The Psychology of Incidents - Street-Level Ops¶

What experienced incident responders know about the human side of outages — the biases that extend them, the team dynamics that help or hurt, and the mental models that save time.

Quick Diagnosis Commands¶

# These aren't system commands — they're human diagnostic checks.
# Run these mentally at the start of every incident:

# 1. Bias check: What's my first theory? Write it down.
#    Now write two alternatives. Investigate the fastest-to-disprove first.

# 2. Time check: How long have I been on this?
#    Set a 15-minute timer.
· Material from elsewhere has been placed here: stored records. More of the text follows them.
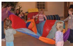
Family Game Night

We believe that the “family” is not limited to those whom we call relatives. Family is where persons are received in love and given their identity and self-worth. Persons are nurtured and guided in their growth and understanding of their spiritual and cultural heritages. They are encouraged to seek their vocation as children of God.
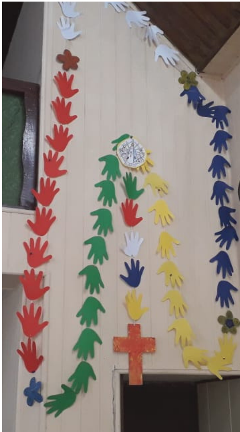
Paper Hand Rosary
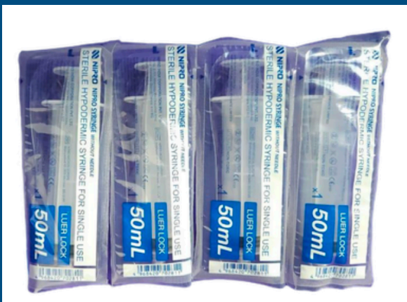
50 CC latex free syringes
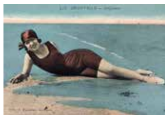
Woman bathing on the Deauville beach at the beginning of the century.

THALASSO DEAUVILLE BY ALGOTHERM 3 rue Sem, 14800 DEAUVILLE, Phone: +33 (0) 2 31 87 72 00 2- to 5-day treatments, half-day packages, à la carte treatments and access to the sport club (including longe- coast and Nordic walking).
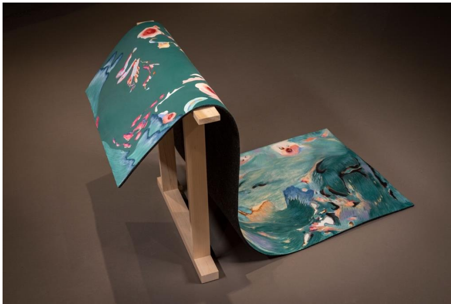
Figure 7.3 Leeza Negelev, Installation View 7
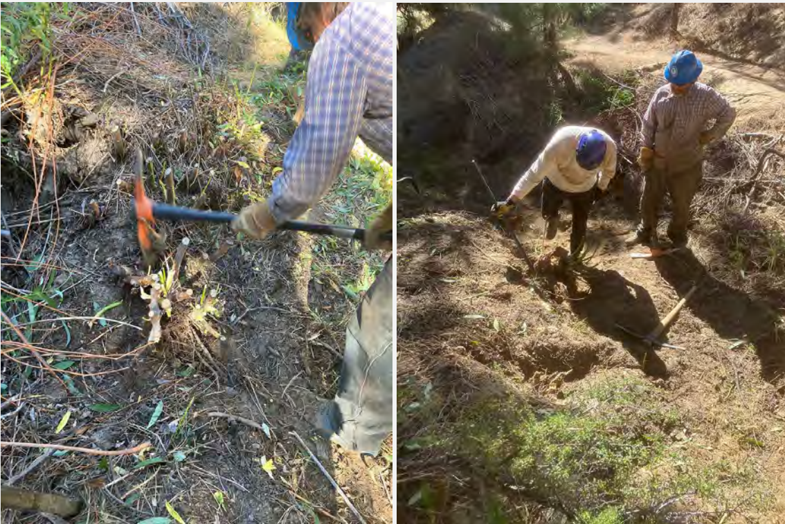
Willow root removal
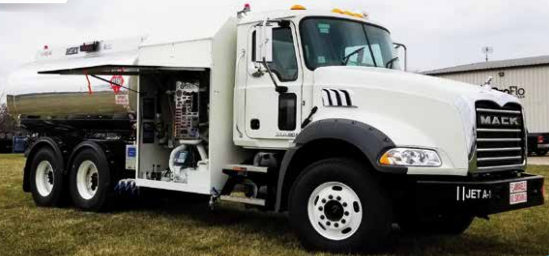
10.000L Jet A1 Refueler
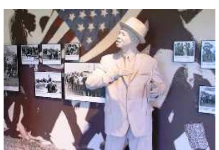
Birmingham Civil Rights Museum
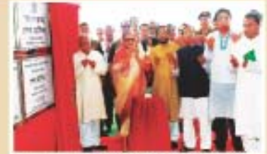
The Honourable Prime Minister inaugurates Central Effluent Treatment Plant in Comilla EPZ
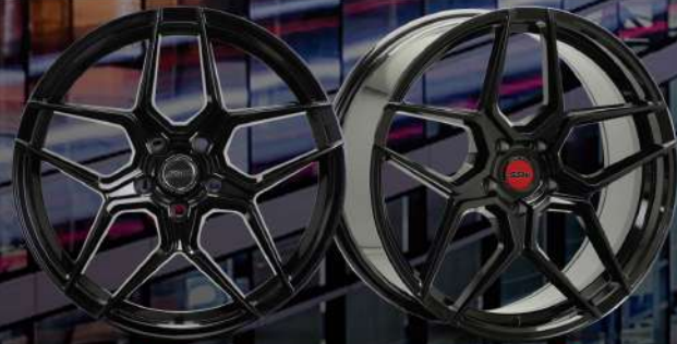
01 LE MANS

Warranty is not transferable and only for original owner on receipt.
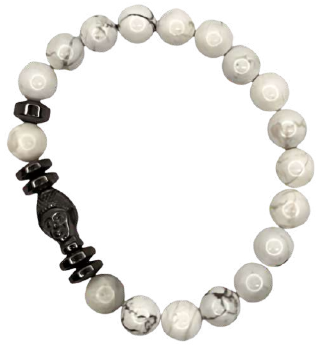
"Floki" $47.95 - Turquoise
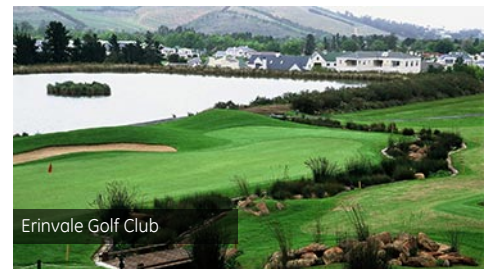
Erinvale Golf Club
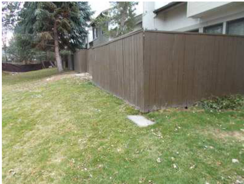
The Board of Directors may want to consider moving the grass away from the Patio Fencing so that water from the sprinklers does not damage the fencing.
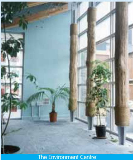
The Environment Centre

www.environmentcentre.org.uk/about_us provides more information on the eco-features.
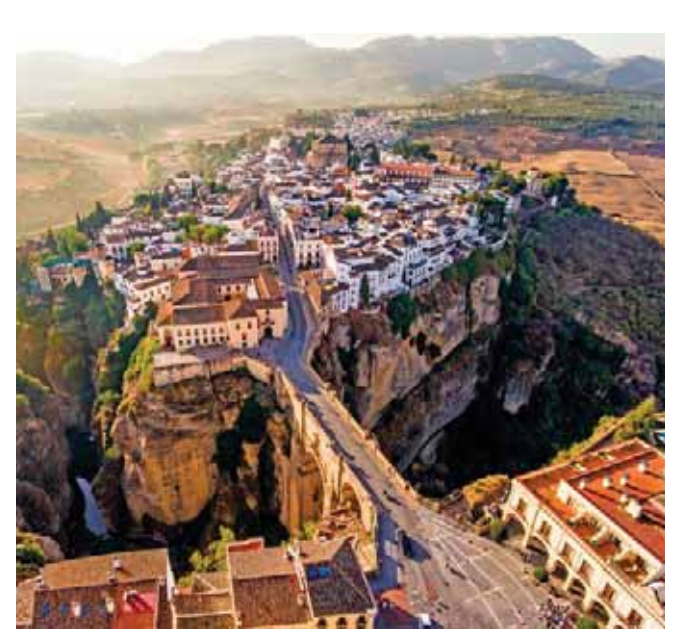
El Tajo Gorge, Ronda

When it rings, reassess.

# 3. Stress check: Am I past the performance curve peak?
#    Signs: irritability, tunnel vision, repeating steps, clock surprise.

# 4. Team check: Is anyone working on the same thing as me?
#    Ask in the channel: "I'm checking [X]. Anyone else looking at this?"

# 5. Evidence check: What have I actually proven (not assumed)?
#    List confirmed facts vs. theories. Act on facts.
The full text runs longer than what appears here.